* Work order: Look below for the line containing "20ÀϱîÁö ¡®Ãæ³²Çü Áö¿ª±ÕÇü¹ßÀü", then write out that line and every line after it to the end, exactly, minus the pictures.

* Record extracts:
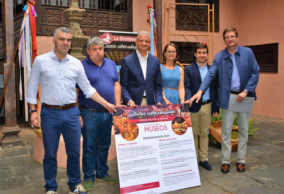 Este interesante programa se presentó en la mañana de este jueves [16 de mayo] en el Centro del Arte Efímero, y contó con el alcalde Francisco Linares y la concejala delegada de Museos y Turismo, Delia Escobar, así como con los representantes de los cuatro museos de La Orotava: Ricardo Cólogan del Museo de Artesanía Iberoamericano (MAIT); Jesús García, del museo etnográfico de Pinolere; el coordinador del citado centro de Interpretación, Sergio Martín, y Adolfo Padrón, del Museo Sacro.
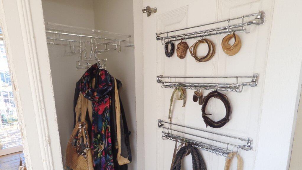 Pull-out racks are an excellent addition to a coat closet, maximizing space and improving accessibility for items that are often hard to reach. These racks can be installed on the sides or back of the closet to store accessories like scarves, belts, or even hats, keeping them neatly organized and easy to grab. Choose racks with adjustable heights to accommodate different items and guarantee they fit seamlessly into your closet’s layout.
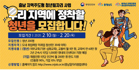 20ÀϱîÁö ¡®Ãæ³²Çü Áö¿ª±ÕÇü¹ßÀü û³â°í¿ë»ç¾÷ û³â 200¸í ´ë»ó
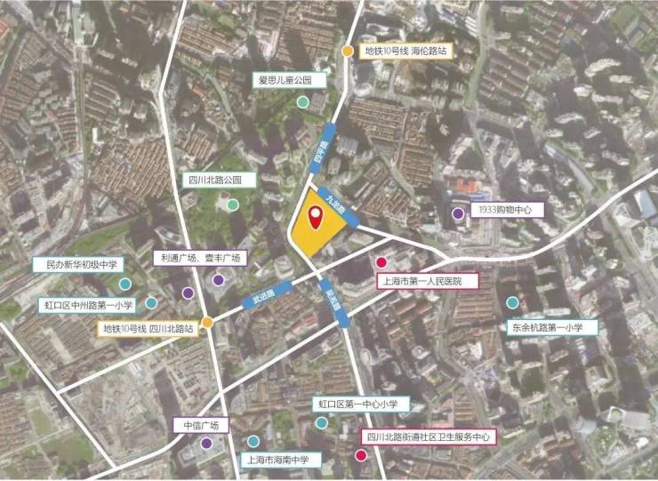 地块属于虹口内环内的嘉兴社区,就在第一人民医院北侧,南侧约200米就是北外滩,北侧即为瑞虹新城,项目直线距10号线四川北路站约400米,是今年虹口区非常重要的一个新房供应。
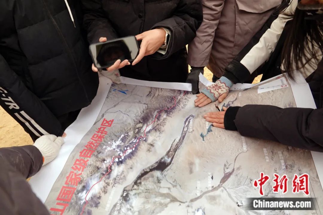 2023年4月,第三次新疆科考阿爾金山野外科考隊(duì)一行,前往阿爾金山國(guó)家級(jí)自然保護(hù)區(qū)庫(kù)木庫(kù)里沙漠的沙子泉考察調(diào)研,遭遇強(qiáng)沙塵暴天氣,科考隊(duì)員查看地圖。孫自法 攝

* Worked solution:
 20ÀϱîÁö ¡®Ãæ³²Çü Áö¿ª±ÕÇü¹ßÀü û³â°í¿ë»ç¾÷ û³â 200¸í ´ë»ó
 地块属于虹口内环内的嘉兴社区,就在第一人民医院北侧,南侧约200米就是北外滩,北侧即为瑞虹新城,项目直线距10号线四川北路站约400米,是今年虹口区非常重要的一个新房供应。
 2023年4月,第三次新疆科考阿爾金山野外科考隊(duì)一行,前往阿爾金山國(guó)家級(jí)自然保護(hù)區(qū)庫(kù)木庫(kù)里沙漠的沙子泉考察調(diào)研,遭遇強(qiáng)沙塵暴天氣,科考隊(duì)員查看地圖。孫自法 攝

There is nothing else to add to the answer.